— DATA FOR REVIEW —

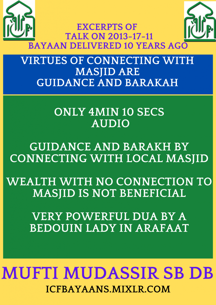 Virtues of Connecting with Masjid – Guidance and Barakah in wealth/income etc. Posted on December 11, 2023 by mukarramn1
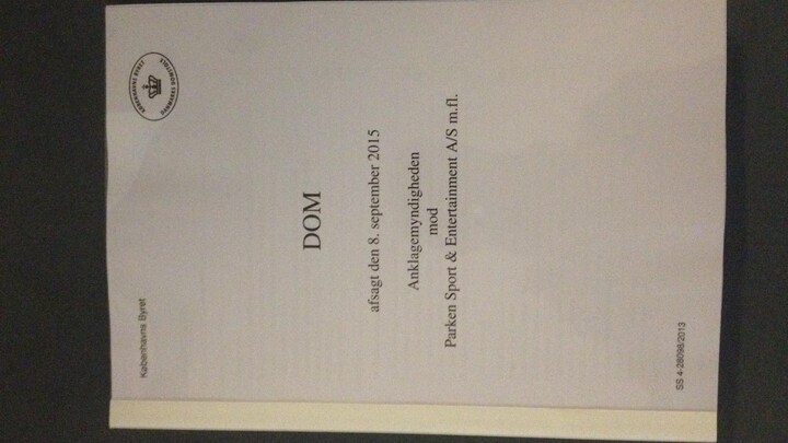 Københavns Byret har den 8. september 2015 afsagt dom i straffesagen mod Parken Sport & Entertainment A/S m.fl.
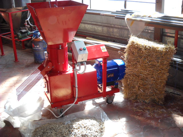 Varianta a : MFPL 100 putere instalata 7.5 kw , capacitate 80 - 100 kg / ora Varianta a : MFPL 250 putere instalata 15 kw , capacitate 150 - 200 kg / ora Varianta b : MFPL 400 putere instalata 22.5kw , capacitate 400 kg / ora Se produc peleti pentru foc si furaje (materia prima poate fi masa paioasa) Diametrul standard este de 6 mm (pt.centrale automate).La comanda se pot executa matrite pentru peleti cu diametre cuprinse intre 3 mm si 12 mm pentru utilajele comandate. MATERIALELE DIN CARE SE POT OBTINE PELETI TREBUIE SA INDEPLINEASCA URMATOARELE : 1.SA RESPECTE O ANUMITA GRANULATIE (SA FIE TOCATE / GRANULATE) 2.SA RESPECTE O ANUMITA UMIDITATE EXEMPLE DE MATERIALE DIN CARE SE POT OBTINE PELETI : Resturi vegetale , biomasa ( masa vegetala ) ( din aceasta categorie fac parte masa lemnoasa - rumegus , talas , crengi , paie , cereale de orice tip , iarba , frunze ) Nota : rumegusul / biomasa pentru peletizat trebuie sa aibe dimensiunea cu 2 milimetri mai mica decat peletii care vor sa se obtina (EX : rumegus = 4 mm rezulta peleti de 6 mm ) Utilajele produse de societatea noastra sunt de sine statatoare si pot fi comandate separat . Masinile de peleti sunt dotate cu sistem de hidratare antiblocaj . Nu este necesara combinarea materialului de peletizat cu lianti sau alte produse
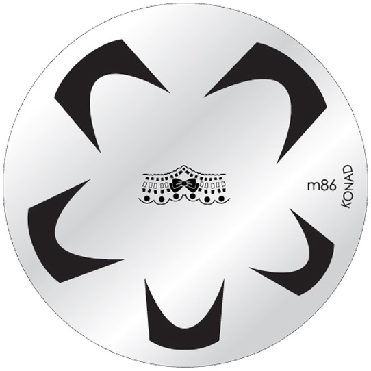 Placa de metal prateada com padrões de carimbos de unhas e texto m86 KONAD
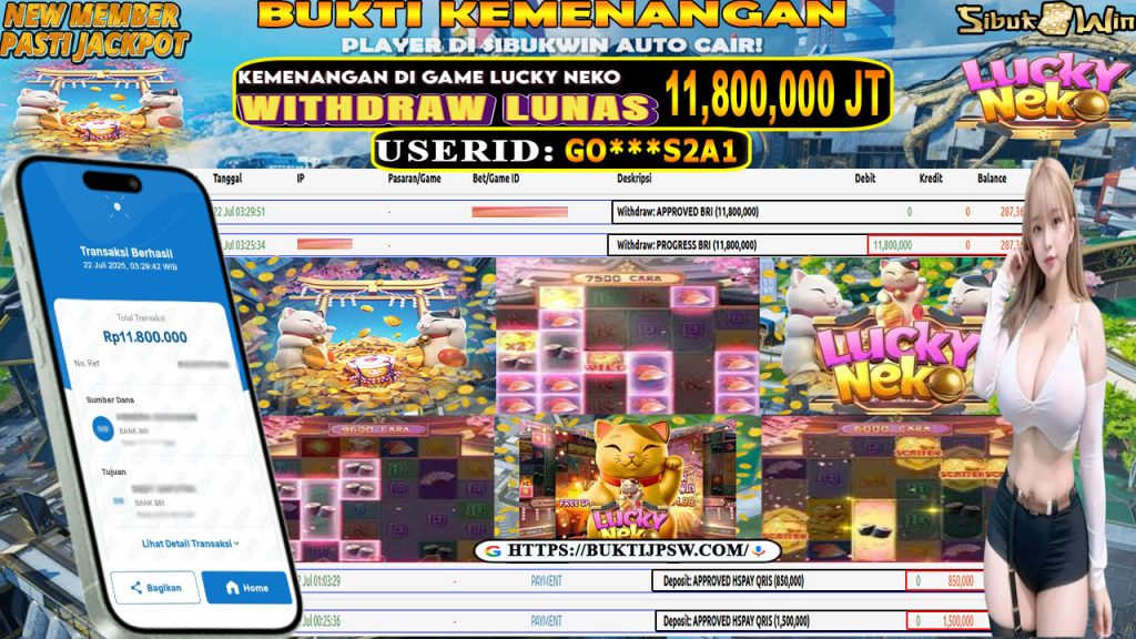 Bukti Kemenangan 22 JULI 2025 DI GAME Lucky Neko WD 11,8 Juta
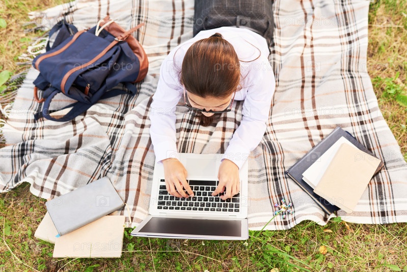 Ученица делает домашнее задание на улице
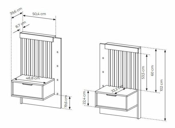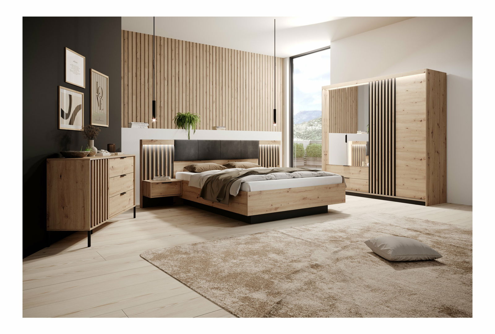 ZobraziťSúprava Set 2 ks. nočných stolíkov - Tallin D (dub artisan + antracit) s výškou 104 cm a šírkou 50.4+50.4 cm Dub Artisan + Antracit a hĺbkou 39.6 cm je dokonalou kombináciou tlmených zemitých farieb, ktorá dodáva každej spálni útulnú a prirodzenú atmosféru. Kolekcia TALLIN je charakteristická modernými čelami šatníkovej skrine, komody a postele, ktoré zdôrazňujú jedinečný charakter jednotlivých kusov. Táto mimoriadne funkčná kolekcia obsahuje priestrannú šatníkovú skriňu s veľkým zrkadlom, osvetlením a zásuvkami, ktorá sa skvele dopĺňa s priestrannou komodou a pohodlnou posteľou. Nočné stolíky sú nielen užitočné, ale tiež súčasťou tejto bohaté kolekcie, ktorá vám ponúka všetko, čo potrebujete pre vašu spálňu.
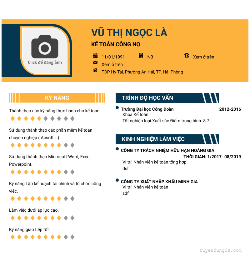 Nơi ở hiện tại: TDP Hy Tái, Phường An Hải, TP. Hải Phòng
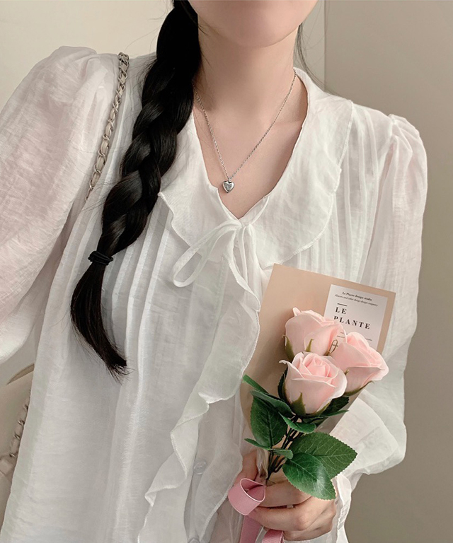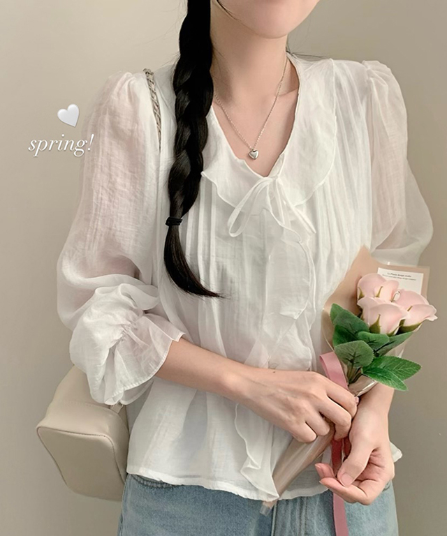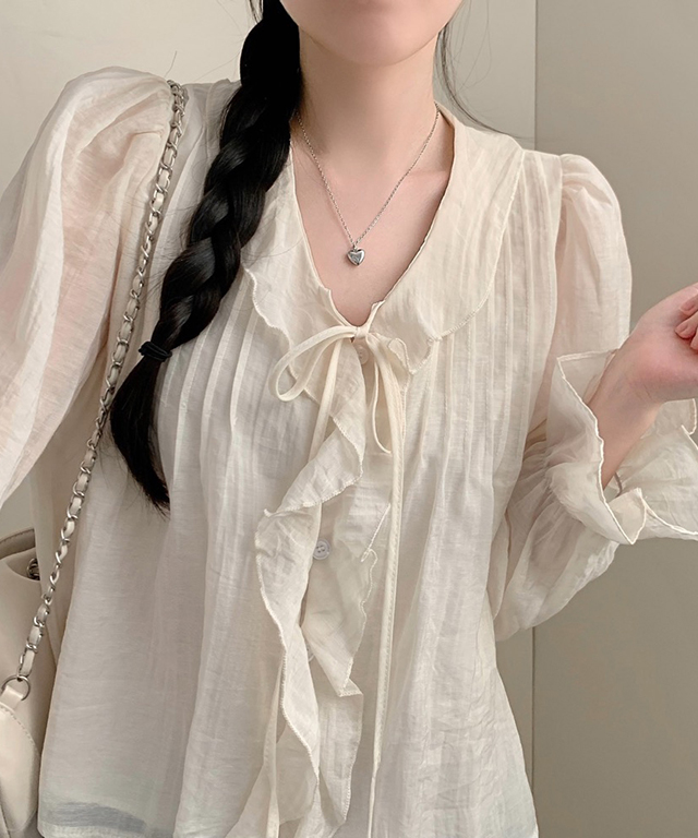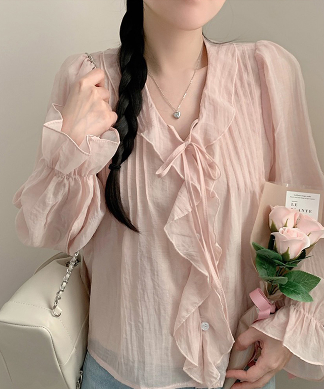 (5color)フリルラッフルロングスリーブブラウス
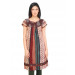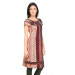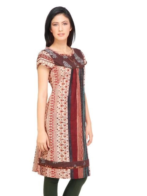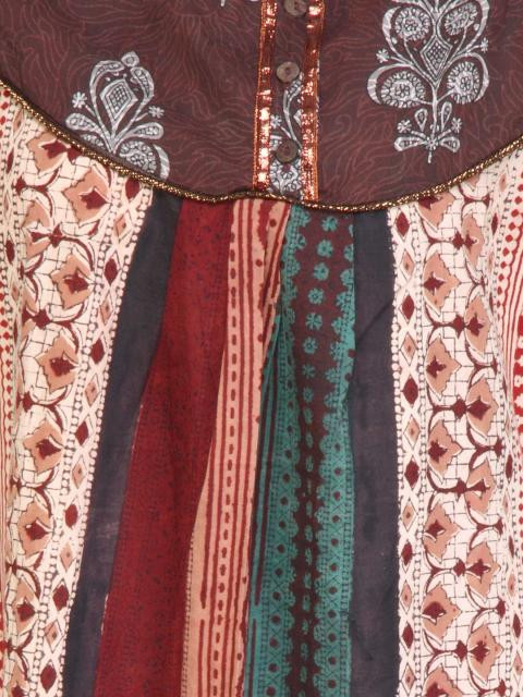 Beige and maroon kurta made of 100% cotton, has a round neckline, short buttoned placket with a yoke and shimmery border, pleats emerging from the yoke and extending till the length of the kurta, and short sleeves with a shimmery border
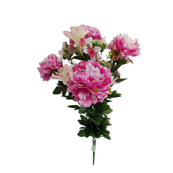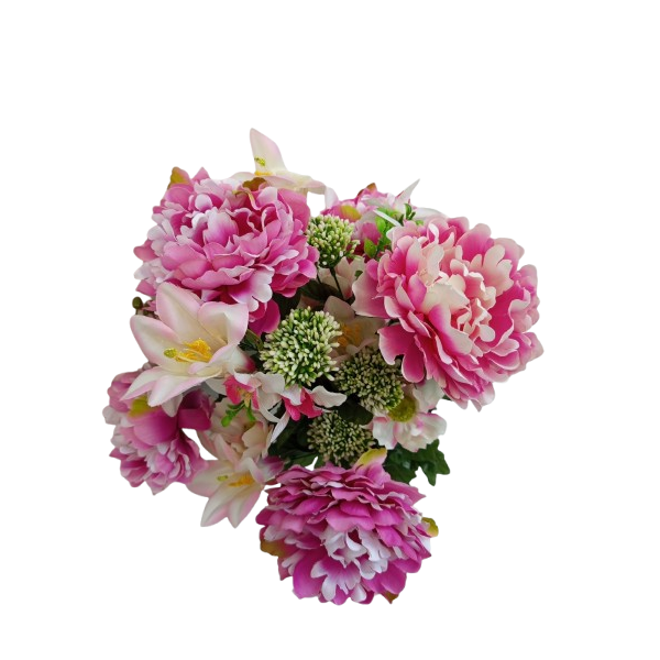 Kytice pivoněk (x5 květů), lilií, anemonek atd. (celkem 24 květů); v. 64 cm; moc pěkné, bohatě kvetoucí a věrohodné.
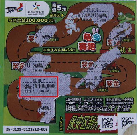 9月24日,他照常来到03471站点,先买了一张20元NBA主题票,没想到刮开后居然中了400元,按照活动规定,周先生额外收获一个NBA特许产品大礼包。当时他喜出望外,随即又让销售员拿了一张“龟兔赛跑”试试手气,先中了一个5元小奖,然后用中奖的5元钱又换了一张“龟兔赛跑”,没想到又刮出了一个兔子标志,奖金区赫然显示着“100000”。这下可把周先生乐坏了,“没想到今天运气这么好,幸运女神太眷顾我了!”
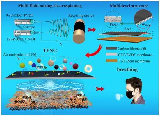 With the rapid development of science and nanomaterial preparation technology, wearable electronic devices have attracted significant attention [1]. To adapt to various application conditions, the functionalization of wearable electronic devices has become an inevitable trend. However, technological progress and industrial production have brought about increasingly serious environmental pollution, so the development of wearable electronic devices that can be used for human respiratory protection has become an urgent need. At present, shortness of breath and respiratory failure or even cessation have been caused by severe diseases endangering human health. Pollutants in the air mainly include harmful chemical gases and particulate pollutants [2]. People should not only protect themselves against the hazards of outdoor air but also spend more time protecting against harmful air substances in relatively closed spaces or buildings, such as flying dust in the working environment and volatilization of formaldehyde gas from indoor furniture [3,4]. As the concentration of pollutants in indoor air is two to five times higher than that in outdoor air [5], wearable electronic protective equipment is very necessary. The main function of these electronic devices is to remove particulate matter (PM) and harmful chemical gases in the air to alleviate related respiratory health problems [6,7]. Moreover, the unique surface morphology and physical properties of wearable electronic devices can be used in many situations to achieve multi-functional applications. For some patients with long-term chronic respiratory diseases, the resulting shortness of breath or even respiratory arrest from particulate matter can seriously threaten human life and health. Fortunately, real-time detection of these respiratory diseases can be achieved through wearable electronic devices. Therefore, the development of a new type of flexible wearable electronic device is of practical significance for physical protection and respiratory disease monitoring. As a kind of wearable electronic device, the new type of triboelectric device has great application potential in energy harvesting, medical monitoring, and artificial intelligence [8,9,10,11,12,13,14,15,16,17].
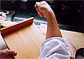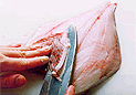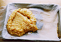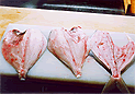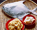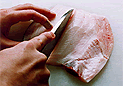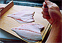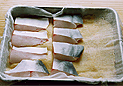 まながつおを皮を下にして置き更に塩を振る。このまま約1時間おく。塩が回れば水で洗い落し水気を拭き取る。
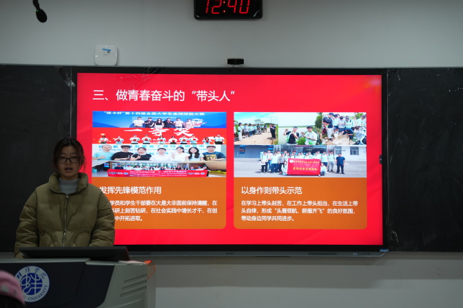 为充分发挥青年学生的主体作用,让全会精神在青年群体中入脑入心,校团委组建“青语团声”大学生宣讲团,以“以青春之我担时代之责”为主题,面向全体青马学员开展专题宣讲会。青年宣讲员们结合自身学习实践和感悟,通过PPT演示、心得分享等形式,围绕高质量发展、以人民为中心、接续奋斗的青春担当等主题,以“青言青语”开展互动化宣讲,用生动鲜活的表达传递党的声音,展现新时代青年的责任与担当。“朋辈宣讲”模式既淬炼了青年宣讲员的理论功底和政治素养,又让全会精神的传播更接地气、更具活力,有效凝聚了青年一代奋进新征程的磅礴力量。
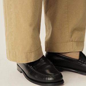 Our collaboration with G.H. Bass recuts the iconic Larson loafer in Horween’s renowned Chromexcel leather, featuring traditional moccasin construction, a handsewn toe, and a Blake-stitched sole. Ironed edges on the outsole, a decorative lip around the toe, and the distinctive ‘beefroll’ penny strap complete the look. Fully lined.
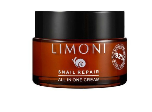 | Limoni Snail Repair | Это средство по уходу за чувствительной и сухой кожей лица. Включает около 60% улиточного секрета. Эффективно осветляет, разглаживает мелкие морщины, выравнивает тон лица и защищает от ультрафиолета. Обладает неоднородной консистенцией, поэтому после нанесения не втирается, а вбивается пальцами. Цена за единицу – 25 долларов |  |
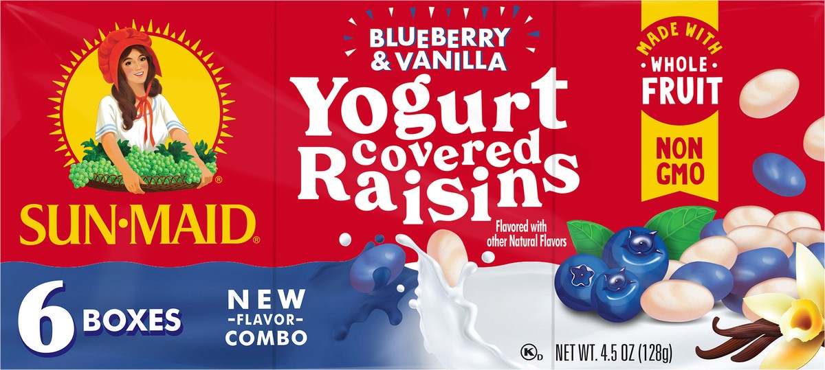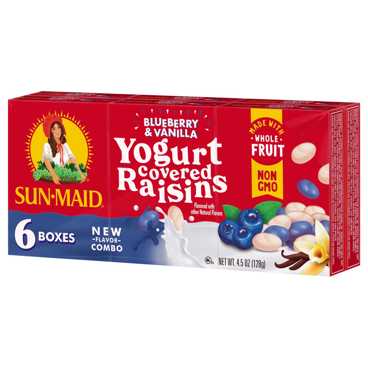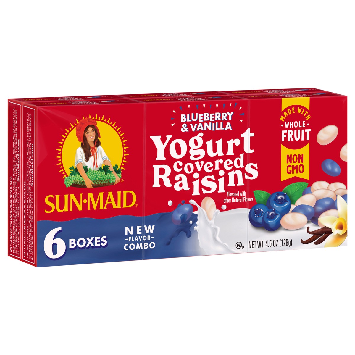 Sun-Maid Blueberry & Vanilla Yogurt Covered Raisins - Kids crave, moms approve, made with whole fruit. Sun-Maid’s timeless and trusted raisins wrapped in blueberry & vanilla yogurt. A better for you, …
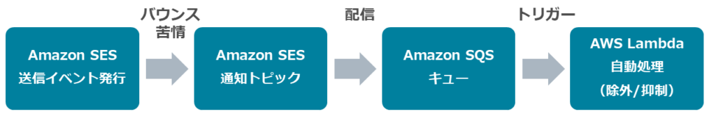 到達率を維持するには、バウンス/苦情を継続的に監視し、無効アドレスを配信対象から除外する運用が不可欠です。SNS通知でイベントを受け取り、自動処理(SQS/Lambda等)につなげる構成が一般的です。
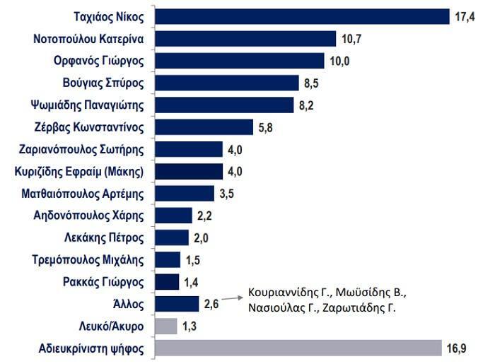 Στην ερώτηση ποιον είναι πιο πιθανό να ψηφίζατε εάν την επόμενη Κυριακή είχαμε εκλογές, ο Νίκος Ταχιάος αναδεικνύεται πρώτος με ποσοστό 17,4% και ακολουθεί η Κατερίνα Νοτοπούλου με 10,7%. Τρίτος με μικρή διαφορά και ποσοστό 10% έρχεται ο ανεξάρτητος υποψήφιος Γιώργος Ορφανός, ενώ την πεντάδα ολοκληρώνουν ο Σπύρος Βούγιας με ποσοστό 8,5% και ο Παναγιώτης Ψωμιάδης με 8,2%.
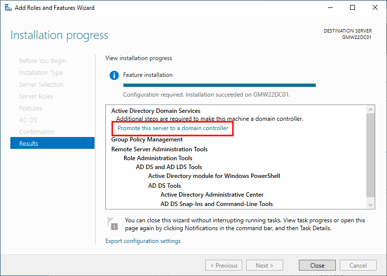 12. Active Directory Domain Service 설치가 완료되었다는 화면은 아래와 같다. Promote this server to a domain controller 를 클릭하여, 도메인 컨트롤러를 구성단계로 진행한다.
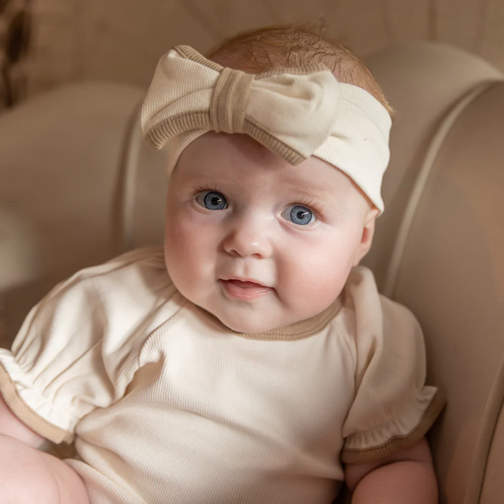 Hoofdbandje met strik voor baby’s van het Koreaanse merk Peekaboo. De kleur is creme. De strik van het baby haarbandje heeft mocha/taupe kleurige details.

— WORK ORDER —
The required output is the exact run of lines from the start of the records through the line containing "Ученица делает домашнее задание на улице", both ends included, with no pictures.

— RESPONSE TO THE EXERCISE —
 Virtues of Connecting with Masjid – Guidance and Barakah in wealth/income etc. Posted on December 11, 2023 by mukarramn1
 Københavns Byret har den 8. september 2015 afsagt dom i straffesagen mod Parken Sport & Entertainment A/S m.fl.
 Varianta a : MFPL 100 putere instalata 7.5 kw , capacitate 80 - 100 kg / ora Varianta a : MFPL 250 putere instalata 15 kw , capacitate 150 - 200 kg / ora Varianta b : MFPL 400 putere instalata 22.5kw , capacitate 400 kg / ora Se produc peleti pentru foc si furaje (materia prima poate fi masa paioasa) Diametrul standard este de 6 mm (pt.centrale automate).La comanda se pot executa matrite pentru peleti cu diametre cuprinse intre 3 mm si 12 mm pentru utilajele comandate. MATERIALELE DIN CARE SE POT OBTINE PELETI TREBUIE SA INDEPLINEASCA URMATOARELE : 1.SA RESPECTE O ANUMITA GRANULATIE (SA FIE TOCATE / GRANULATE) 2.SA RESPECTE O ANUMITA UMIDITATE EXEMPLE DE MATERIALE DIN CARE SE POT OBTINE PELETI : Resturi vegetale , biomasa ( masa vegetala ) ( din aceasta categorie fac parte masa lemnoasa - rumegus , talas , crengi , paie , cereale de orice tip , iarba , frunze ) Nota : rumegusul / biomasa pentru peletizat trebuie sa aibe dimensiunea cu 2 milimetri mai mica decat peletii care vor sa se obtina (EX : rumegus = 4 mm rezulta peleti de 6 mm ) Utilajele produse de societatea noastra sunt de sine statatoare si pot fi comandate separat . Masinile de peleti sunt dotate cu sistem de hidratare antiblocaj . Nu este necesara combinarea materialului de peletizat cu lianti sau alte produse
 Placa de metal prateada com padrões de carimbos de unhas e texto m86 KONAD
 Bukti Kemenangan 22 JULI 2025 DI GAME Lucky Neko WD 11,8 Juta
 Ученица делает домашнее задание на улице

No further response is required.